The answer is to be an exact copy of the lines below running from the line with "ARTY, студия дизайна" down to the line with "26일 경기도 화성종합경기타운에서", both ends included, and nothing more.

RECORDS FOR PROCESSING
• • •
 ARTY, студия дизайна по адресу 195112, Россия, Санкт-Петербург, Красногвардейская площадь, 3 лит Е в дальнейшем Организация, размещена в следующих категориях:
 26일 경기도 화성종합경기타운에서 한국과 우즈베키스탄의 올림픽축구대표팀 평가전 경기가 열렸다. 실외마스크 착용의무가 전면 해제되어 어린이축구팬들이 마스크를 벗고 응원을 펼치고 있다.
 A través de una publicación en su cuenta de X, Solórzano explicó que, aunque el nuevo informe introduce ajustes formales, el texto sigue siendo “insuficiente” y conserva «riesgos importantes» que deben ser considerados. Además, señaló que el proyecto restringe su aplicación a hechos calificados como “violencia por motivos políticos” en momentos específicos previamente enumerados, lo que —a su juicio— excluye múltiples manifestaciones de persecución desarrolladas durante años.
• • •
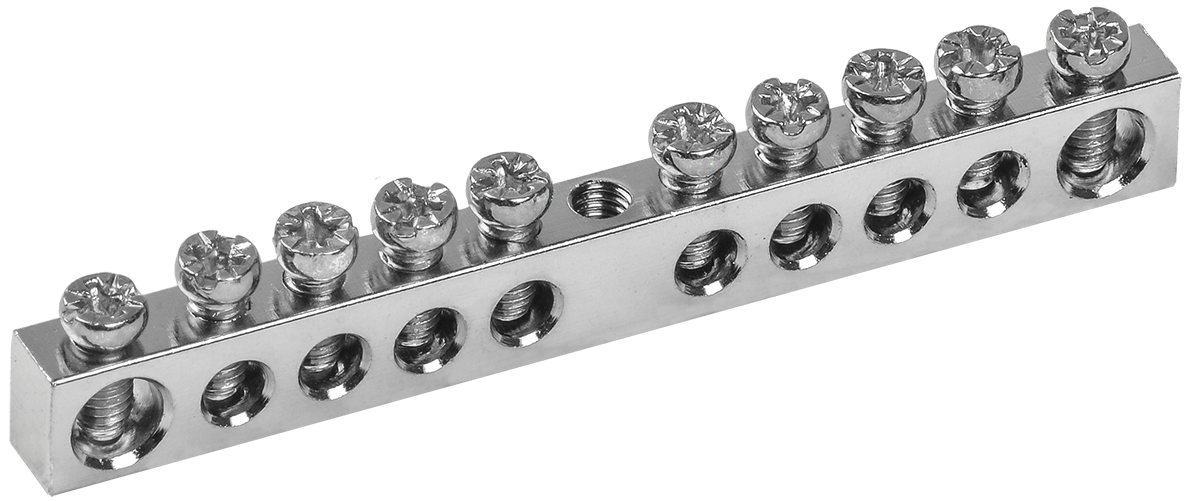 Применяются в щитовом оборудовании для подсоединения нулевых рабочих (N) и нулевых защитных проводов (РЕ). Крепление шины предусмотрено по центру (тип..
• • •
YOUR RESPONSE
 ARTY, студия дизайна по адресу 195112, Россия, Санкт-Петербург, Красногвардейская площадь, 3 лит Е в дальнейшем Организация, размещена в следующих категориях:
 26일 경기도 화성종합경기타운에서 한국과 우즈베키스탄의 올림픽축구대표팀 평가전 경기가 열렸다. 실외마스크 착용의무가 전면 해제되어 어린이축구팬들이 마스크를 벗고 응원을 펼치고 있다.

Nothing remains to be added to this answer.